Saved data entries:

*** Block opens ***

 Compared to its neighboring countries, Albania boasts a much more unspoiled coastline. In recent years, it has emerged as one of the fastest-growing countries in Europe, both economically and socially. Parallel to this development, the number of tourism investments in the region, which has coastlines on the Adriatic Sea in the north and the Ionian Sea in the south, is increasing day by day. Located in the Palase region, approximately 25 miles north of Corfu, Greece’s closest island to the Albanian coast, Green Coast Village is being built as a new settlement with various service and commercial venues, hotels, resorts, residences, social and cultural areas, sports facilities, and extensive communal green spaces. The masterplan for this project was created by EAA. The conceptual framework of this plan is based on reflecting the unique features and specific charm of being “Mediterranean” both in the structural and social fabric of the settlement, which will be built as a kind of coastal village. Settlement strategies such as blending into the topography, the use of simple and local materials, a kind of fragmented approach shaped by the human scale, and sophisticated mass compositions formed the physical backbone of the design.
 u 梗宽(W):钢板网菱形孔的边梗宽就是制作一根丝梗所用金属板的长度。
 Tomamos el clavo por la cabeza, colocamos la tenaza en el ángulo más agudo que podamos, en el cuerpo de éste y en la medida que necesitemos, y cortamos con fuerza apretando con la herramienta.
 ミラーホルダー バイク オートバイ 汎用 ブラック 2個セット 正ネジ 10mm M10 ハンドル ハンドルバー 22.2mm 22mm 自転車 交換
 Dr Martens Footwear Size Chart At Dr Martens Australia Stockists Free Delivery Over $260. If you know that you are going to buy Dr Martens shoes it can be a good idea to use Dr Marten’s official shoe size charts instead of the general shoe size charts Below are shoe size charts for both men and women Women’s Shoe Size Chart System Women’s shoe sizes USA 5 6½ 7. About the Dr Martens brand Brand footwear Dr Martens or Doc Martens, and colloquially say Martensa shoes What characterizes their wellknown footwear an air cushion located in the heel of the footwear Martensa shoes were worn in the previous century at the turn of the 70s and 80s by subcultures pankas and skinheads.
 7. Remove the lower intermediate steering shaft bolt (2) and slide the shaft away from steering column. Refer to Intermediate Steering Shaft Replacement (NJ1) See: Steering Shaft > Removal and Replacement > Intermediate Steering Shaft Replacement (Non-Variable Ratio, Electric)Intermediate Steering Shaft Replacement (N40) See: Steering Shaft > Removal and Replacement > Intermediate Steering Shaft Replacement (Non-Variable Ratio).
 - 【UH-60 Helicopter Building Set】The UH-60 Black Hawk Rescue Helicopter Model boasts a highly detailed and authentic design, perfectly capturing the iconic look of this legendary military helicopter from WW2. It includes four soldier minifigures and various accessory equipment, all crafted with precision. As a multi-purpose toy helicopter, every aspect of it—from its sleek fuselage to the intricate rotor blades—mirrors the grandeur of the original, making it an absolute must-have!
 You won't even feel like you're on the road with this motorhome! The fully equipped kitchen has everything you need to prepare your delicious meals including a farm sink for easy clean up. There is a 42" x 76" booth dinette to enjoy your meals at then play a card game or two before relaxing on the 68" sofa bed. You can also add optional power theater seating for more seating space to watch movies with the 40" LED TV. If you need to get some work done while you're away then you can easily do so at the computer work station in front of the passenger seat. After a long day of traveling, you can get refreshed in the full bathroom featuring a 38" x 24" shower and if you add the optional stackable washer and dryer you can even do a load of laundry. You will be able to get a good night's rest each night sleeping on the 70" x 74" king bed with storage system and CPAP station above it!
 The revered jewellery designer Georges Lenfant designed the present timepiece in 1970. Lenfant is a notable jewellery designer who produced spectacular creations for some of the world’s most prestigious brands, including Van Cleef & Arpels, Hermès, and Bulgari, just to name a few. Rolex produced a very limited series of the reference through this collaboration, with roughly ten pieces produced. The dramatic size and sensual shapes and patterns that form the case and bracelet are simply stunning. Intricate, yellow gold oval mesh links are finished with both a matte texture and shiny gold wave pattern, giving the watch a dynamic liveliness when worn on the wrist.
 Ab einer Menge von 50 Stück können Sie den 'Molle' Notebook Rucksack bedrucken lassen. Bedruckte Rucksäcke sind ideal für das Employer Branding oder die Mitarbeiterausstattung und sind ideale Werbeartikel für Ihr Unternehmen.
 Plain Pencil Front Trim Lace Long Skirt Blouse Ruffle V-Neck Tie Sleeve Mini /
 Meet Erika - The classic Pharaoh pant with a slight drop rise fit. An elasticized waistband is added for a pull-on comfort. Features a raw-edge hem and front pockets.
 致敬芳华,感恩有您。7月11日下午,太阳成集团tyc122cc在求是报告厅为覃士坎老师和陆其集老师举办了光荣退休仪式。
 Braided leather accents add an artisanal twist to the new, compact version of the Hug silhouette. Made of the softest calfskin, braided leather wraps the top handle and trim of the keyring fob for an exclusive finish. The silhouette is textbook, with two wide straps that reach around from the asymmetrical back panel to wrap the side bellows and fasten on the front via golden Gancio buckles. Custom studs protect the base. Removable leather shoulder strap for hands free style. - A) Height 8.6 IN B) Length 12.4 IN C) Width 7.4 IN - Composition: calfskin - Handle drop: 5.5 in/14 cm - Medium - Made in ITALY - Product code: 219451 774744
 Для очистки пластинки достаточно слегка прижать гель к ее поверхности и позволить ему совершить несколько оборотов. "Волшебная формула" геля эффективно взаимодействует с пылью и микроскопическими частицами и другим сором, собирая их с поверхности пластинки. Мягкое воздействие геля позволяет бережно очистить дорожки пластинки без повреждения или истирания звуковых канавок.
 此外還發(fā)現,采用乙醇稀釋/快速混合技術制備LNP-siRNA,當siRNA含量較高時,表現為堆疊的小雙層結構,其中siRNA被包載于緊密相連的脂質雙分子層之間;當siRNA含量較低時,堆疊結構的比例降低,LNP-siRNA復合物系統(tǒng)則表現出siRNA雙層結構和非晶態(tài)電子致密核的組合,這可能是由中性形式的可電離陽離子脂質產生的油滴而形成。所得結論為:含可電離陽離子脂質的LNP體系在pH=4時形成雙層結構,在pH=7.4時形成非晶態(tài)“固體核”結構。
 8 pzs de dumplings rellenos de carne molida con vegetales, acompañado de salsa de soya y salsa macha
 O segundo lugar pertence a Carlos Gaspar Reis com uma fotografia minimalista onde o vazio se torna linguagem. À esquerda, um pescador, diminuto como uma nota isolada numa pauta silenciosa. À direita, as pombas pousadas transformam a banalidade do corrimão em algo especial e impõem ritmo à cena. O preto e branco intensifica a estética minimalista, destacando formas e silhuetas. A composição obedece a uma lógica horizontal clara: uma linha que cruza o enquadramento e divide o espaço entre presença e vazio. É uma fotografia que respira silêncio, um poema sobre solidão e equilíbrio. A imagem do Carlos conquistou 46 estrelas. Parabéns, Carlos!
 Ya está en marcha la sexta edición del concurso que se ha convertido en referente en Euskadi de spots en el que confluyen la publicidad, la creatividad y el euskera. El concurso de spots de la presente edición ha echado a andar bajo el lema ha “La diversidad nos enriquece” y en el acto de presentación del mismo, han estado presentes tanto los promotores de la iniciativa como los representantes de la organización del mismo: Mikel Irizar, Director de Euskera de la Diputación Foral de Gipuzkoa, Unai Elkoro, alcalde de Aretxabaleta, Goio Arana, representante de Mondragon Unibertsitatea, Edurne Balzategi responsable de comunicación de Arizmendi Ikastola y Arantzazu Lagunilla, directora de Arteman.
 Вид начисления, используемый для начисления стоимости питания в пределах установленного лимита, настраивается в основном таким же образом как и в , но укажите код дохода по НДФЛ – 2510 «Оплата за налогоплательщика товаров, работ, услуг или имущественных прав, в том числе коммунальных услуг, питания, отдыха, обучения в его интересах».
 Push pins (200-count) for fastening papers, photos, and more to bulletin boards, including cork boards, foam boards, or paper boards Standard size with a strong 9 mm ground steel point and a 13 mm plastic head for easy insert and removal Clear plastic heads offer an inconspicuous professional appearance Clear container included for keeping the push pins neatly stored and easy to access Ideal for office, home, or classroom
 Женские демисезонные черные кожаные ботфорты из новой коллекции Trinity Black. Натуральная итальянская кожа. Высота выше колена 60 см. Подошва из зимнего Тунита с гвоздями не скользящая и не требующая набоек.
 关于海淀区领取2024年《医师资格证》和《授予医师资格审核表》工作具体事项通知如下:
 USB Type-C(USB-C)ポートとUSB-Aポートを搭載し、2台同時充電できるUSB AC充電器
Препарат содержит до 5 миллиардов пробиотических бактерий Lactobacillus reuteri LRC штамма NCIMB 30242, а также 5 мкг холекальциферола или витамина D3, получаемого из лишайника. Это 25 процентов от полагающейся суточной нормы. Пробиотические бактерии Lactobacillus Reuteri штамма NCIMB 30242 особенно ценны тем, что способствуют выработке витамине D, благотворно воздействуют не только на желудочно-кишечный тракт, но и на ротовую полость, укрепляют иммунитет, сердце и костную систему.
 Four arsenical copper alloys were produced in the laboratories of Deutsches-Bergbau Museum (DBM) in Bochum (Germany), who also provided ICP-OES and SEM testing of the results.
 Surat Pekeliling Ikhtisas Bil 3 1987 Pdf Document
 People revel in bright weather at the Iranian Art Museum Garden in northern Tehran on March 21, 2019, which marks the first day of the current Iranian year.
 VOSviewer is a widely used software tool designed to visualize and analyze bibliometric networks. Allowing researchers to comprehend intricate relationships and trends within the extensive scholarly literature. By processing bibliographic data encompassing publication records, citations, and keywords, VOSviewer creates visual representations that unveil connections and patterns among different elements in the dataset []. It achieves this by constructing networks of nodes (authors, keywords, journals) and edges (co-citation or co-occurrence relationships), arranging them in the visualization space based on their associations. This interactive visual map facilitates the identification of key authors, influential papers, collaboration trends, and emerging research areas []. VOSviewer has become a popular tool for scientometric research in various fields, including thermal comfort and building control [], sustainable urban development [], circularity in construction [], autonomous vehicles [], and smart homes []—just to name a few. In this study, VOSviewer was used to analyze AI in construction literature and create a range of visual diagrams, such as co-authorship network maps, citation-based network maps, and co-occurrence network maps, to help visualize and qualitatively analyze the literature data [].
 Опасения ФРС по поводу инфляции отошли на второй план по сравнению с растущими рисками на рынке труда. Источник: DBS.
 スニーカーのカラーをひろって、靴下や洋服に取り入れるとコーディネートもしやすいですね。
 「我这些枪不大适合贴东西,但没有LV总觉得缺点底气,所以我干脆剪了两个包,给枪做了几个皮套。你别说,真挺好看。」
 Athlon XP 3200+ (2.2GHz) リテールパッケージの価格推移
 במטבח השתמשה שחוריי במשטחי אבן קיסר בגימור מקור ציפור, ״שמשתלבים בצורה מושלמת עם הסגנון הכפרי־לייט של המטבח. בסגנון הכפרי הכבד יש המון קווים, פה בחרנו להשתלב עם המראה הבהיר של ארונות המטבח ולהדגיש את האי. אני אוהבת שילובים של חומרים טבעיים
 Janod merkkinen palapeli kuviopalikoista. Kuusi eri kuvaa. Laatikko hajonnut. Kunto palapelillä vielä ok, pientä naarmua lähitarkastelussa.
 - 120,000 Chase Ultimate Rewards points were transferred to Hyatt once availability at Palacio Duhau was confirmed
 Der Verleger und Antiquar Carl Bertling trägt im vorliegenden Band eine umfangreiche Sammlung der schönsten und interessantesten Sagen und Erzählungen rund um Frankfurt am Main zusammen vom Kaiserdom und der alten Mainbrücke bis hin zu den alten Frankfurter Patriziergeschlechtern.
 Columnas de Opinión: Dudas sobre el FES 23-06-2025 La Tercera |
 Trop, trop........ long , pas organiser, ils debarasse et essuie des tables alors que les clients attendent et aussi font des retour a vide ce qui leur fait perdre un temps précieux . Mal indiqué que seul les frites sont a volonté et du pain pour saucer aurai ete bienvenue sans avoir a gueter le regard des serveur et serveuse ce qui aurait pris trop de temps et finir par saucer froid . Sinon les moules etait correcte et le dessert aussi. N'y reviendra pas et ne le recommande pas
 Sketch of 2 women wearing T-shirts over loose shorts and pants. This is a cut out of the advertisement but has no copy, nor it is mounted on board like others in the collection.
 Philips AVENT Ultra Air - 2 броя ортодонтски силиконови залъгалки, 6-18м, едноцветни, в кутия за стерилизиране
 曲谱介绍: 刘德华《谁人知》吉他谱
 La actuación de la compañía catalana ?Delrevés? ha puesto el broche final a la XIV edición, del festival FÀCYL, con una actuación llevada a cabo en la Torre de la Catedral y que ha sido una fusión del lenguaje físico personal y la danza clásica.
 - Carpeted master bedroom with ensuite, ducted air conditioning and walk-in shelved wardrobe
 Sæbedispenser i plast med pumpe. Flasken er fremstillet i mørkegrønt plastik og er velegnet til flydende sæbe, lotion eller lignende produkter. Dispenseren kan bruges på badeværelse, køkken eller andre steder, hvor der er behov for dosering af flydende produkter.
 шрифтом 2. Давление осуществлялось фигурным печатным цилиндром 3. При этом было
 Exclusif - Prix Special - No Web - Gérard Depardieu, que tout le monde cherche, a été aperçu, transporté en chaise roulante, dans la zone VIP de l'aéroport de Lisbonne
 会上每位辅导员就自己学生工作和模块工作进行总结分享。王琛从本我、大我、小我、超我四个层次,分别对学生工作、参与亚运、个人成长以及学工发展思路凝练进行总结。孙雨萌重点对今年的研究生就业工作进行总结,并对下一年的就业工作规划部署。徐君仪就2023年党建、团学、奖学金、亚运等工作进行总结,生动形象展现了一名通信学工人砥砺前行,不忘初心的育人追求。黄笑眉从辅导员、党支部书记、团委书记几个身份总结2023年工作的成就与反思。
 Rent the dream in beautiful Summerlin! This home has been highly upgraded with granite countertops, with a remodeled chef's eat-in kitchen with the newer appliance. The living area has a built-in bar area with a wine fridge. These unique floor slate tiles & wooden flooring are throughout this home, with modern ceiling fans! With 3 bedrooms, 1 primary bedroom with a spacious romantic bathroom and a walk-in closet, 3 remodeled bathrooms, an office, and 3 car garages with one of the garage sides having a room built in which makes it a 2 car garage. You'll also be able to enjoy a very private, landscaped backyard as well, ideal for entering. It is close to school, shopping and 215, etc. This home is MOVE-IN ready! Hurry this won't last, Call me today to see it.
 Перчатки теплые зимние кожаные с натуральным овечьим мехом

*** Block closes ***

▸ **What is required**
Find every line of the data that holds the string "walk", then say how many there are and nothing else.

▸ **Reply**
2